In 1998, the Social Democrats won early elections, but fell well short of a majority in Parliament. Again the Communists were left out in the cold: the political stalemate was finally broken by the formation of a minority government, kept afloat by a power-sharing pact with Mr Klaus's Civic Democrats. Mr Zeman himself described the cabinet as 'suicidal'; many commentators agreed with him, predicting that Social Democrat voters would desert the party in droves. The government has actually done rather well, but it seems the commentators were right. On Sunday the chickens came home to roost.

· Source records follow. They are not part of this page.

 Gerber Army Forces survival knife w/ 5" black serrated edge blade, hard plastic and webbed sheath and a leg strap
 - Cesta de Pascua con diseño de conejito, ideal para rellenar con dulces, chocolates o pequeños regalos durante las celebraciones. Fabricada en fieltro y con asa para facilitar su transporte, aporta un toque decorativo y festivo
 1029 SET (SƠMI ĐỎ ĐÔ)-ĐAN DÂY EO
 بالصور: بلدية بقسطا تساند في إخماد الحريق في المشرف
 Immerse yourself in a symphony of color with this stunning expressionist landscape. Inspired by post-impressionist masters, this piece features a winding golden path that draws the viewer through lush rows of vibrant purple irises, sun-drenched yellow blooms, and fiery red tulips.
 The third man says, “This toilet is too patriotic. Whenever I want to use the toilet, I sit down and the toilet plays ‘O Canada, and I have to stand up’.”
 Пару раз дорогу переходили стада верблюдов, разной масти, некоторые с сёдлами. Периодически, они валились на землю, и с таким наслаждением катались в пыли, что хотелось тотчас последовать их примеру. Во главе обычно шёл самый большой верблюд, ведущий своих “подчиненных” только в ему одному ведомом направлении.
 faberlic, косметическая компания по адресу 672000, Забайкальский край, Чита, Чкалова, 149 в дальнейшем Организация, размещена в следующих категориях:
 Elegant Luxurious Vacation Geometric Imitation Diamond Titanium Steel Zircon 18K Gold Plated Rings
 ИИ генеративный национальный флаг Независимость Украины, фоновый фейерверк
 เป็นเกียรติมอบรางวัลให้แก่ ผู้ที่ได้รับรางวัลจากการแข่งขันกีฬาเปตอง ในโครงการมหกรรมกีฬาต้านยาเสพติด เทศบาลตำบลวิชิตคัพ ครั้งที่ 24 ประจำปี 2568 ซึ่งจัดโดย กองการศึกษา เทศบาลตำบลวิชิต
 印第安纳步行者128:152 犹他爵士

Czechs went to the polls on Sunday, re-electing a third of the Senate as well as members of 13 brand new regional parliaments. The elections were marked by low turnout, so the results perhaps shouldn't be overestimated. But for the Social Democrats it was a catastrophe--for the Communists, a triumph. The ruling party failed to win in any of the new regions, pushed into third and often fourth place by Klaus's Civic Democrats, the smaller right-of-centre opposition, and the Communist Party. The Communists even came first in one region: North Bohemia's Usti nad Labem. Usti was previously safe Social Democrat territory.
So last night Mr Zeman invited Communist leader Miroslav Grebenicek to a 'working dinner.' The two men met late into the evening to discuss the formation of coalitions in regions where the two parties hold a majority. "Mr Zeman certainly wasn't radiating the same optimism as in 1998," Mr Grebenicek told reporters after the meeting, barely concealing his pleasure.
Mr Zeman insists the Bohumin resolution excluding co-operation with the Communists only applies to national politics. Indeed, Communists and Social Democrats already work together in town and village councils across the country. But many observers say the fallout from Communist-Social Democrat regional coalitions will finish off the Social Democrats. Mr Zeman's 'suicide cabinet' prophesy seems more accurate now than ever.